● **Your task**:
Please output the line containing "खेल मैदान के" and all lines that follow it in the data below, exactly, with no pictures.

● **Input**:
++++++++++++++++++++
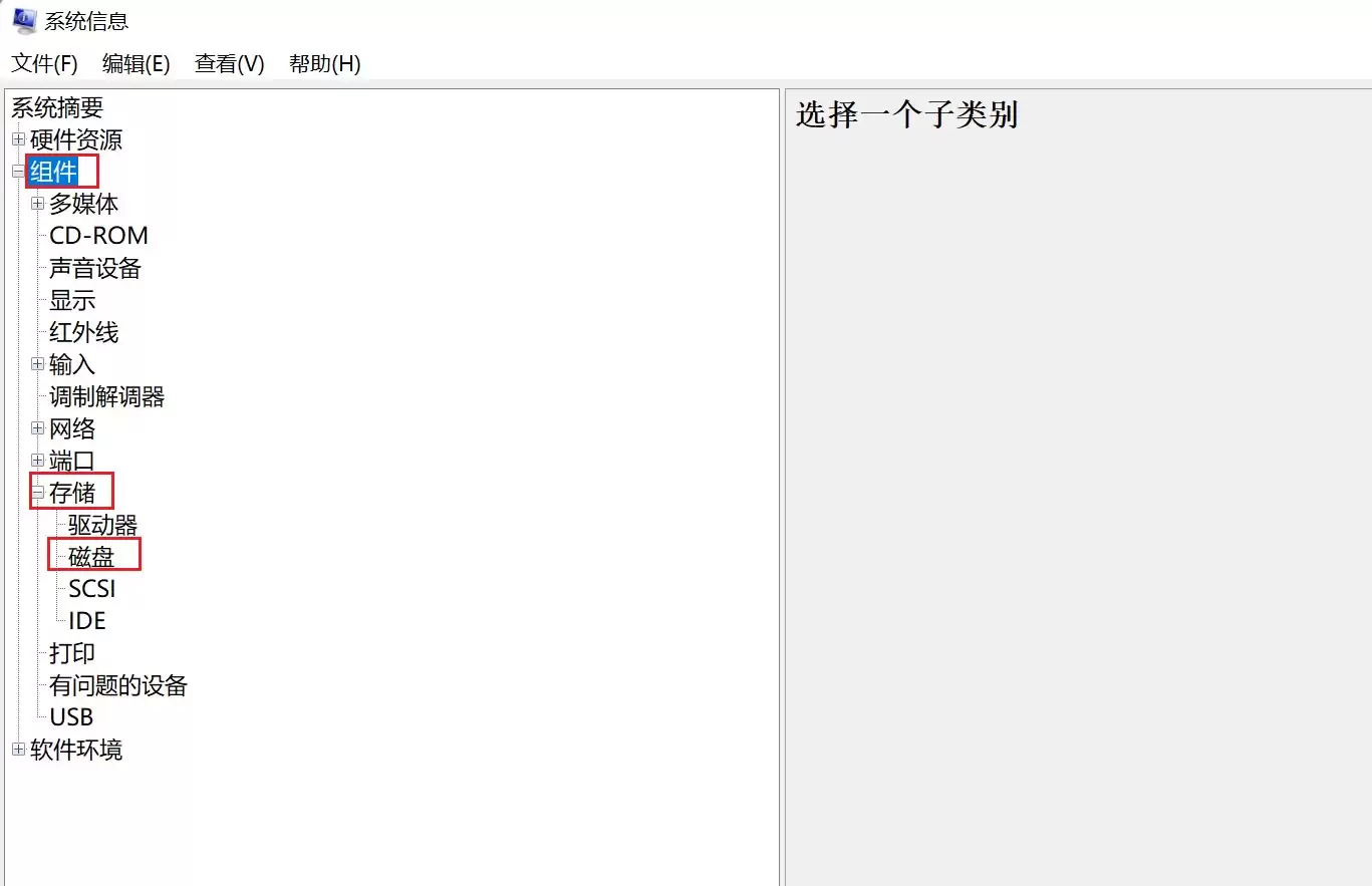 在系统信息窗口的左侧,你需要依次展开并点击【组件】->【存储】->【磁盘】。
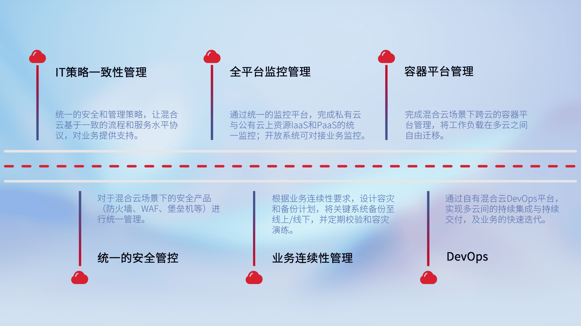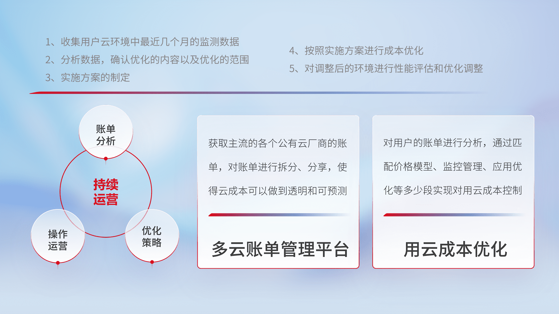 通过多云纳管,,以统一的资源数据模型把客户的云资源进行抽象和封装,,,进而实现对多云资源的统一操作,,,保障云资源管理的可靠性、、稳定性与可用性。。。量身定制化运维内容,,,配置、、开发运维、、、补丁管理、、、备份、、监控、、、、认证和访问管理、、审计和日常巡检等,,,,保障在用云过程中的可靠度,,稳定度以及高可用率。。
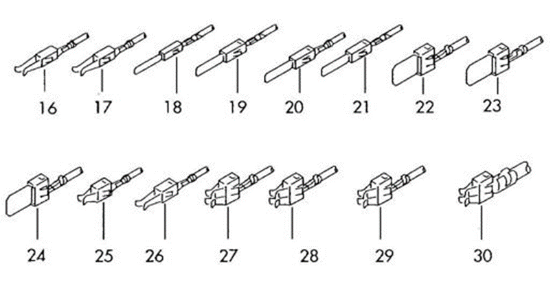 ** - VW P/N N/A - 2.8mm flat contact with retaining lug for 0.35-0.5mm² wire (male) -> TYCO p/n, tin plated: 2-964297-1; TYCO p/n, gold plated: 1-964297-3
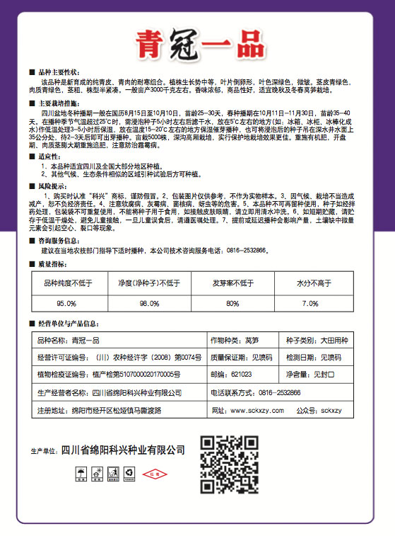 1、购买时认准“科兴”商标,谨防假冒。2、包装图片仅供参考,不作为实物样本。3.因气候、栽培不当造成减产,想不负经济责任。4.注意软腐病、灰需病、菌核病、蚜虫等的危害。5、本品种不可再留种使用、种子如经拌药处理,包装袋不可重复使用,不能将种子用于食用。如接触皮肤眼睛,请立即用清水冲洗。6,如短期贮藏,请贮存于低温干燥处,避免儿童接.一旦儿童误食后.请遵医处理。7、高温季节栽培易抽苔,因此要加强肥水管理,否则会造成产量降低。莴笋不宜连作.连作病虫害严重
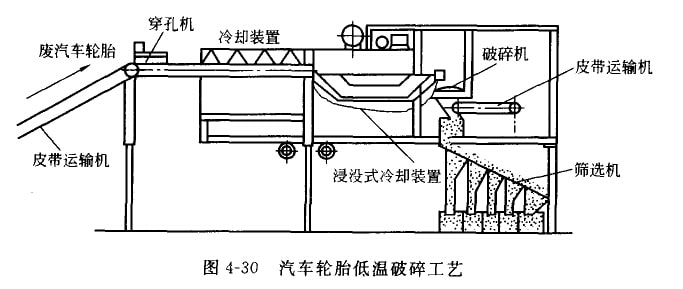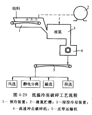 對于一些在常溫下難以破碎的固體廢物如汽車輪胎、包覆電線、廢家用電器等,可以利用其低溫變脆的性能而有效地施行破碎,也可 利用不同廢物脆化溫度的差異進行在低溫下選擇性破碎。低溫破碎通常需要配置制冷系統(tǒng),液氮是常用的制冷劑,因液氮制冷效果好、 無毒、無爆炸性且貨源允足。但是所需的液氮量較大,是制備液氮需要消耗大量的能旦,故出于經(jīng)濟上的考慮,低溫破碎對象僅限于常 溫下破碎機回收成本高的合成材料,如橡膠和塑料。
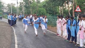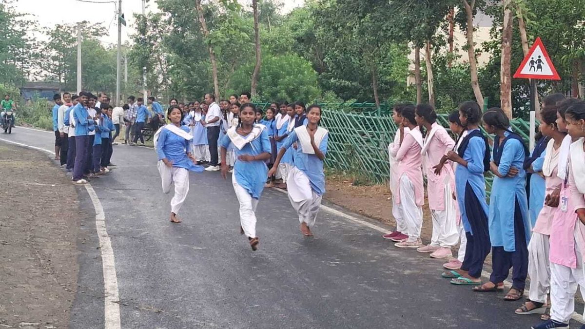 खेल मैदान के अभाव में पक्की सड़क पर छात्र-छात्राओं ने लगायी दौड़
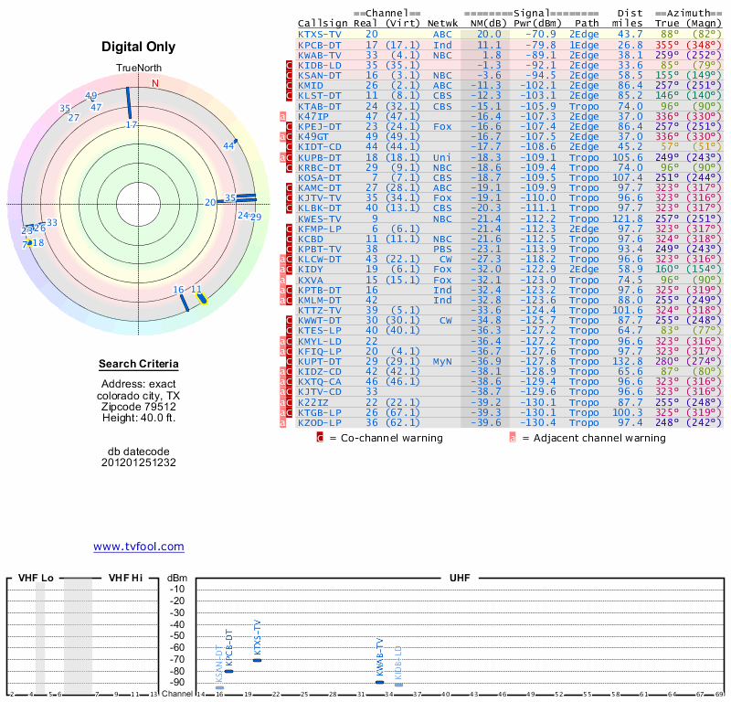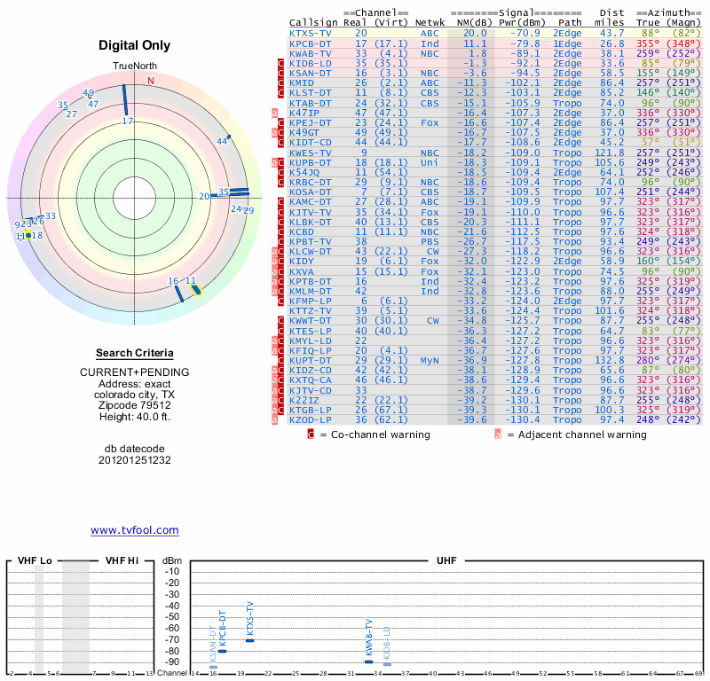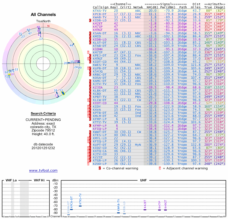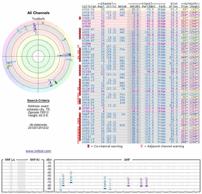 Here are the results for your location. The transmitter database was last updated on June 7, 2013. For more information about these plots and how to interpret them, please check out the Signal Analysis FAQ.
++++++++++++++++++++
● **Answer to this exercise**:
 खेल मैदान के अभाव में पक्की सड़क पर छात्र-छात्राओं ने लगायी दौड़
 Here are the results for your location. The transmitter database was last updated on June 7, 2013. For more information about these plots and how to interpret them, please check out the Signal Analysis FAQ.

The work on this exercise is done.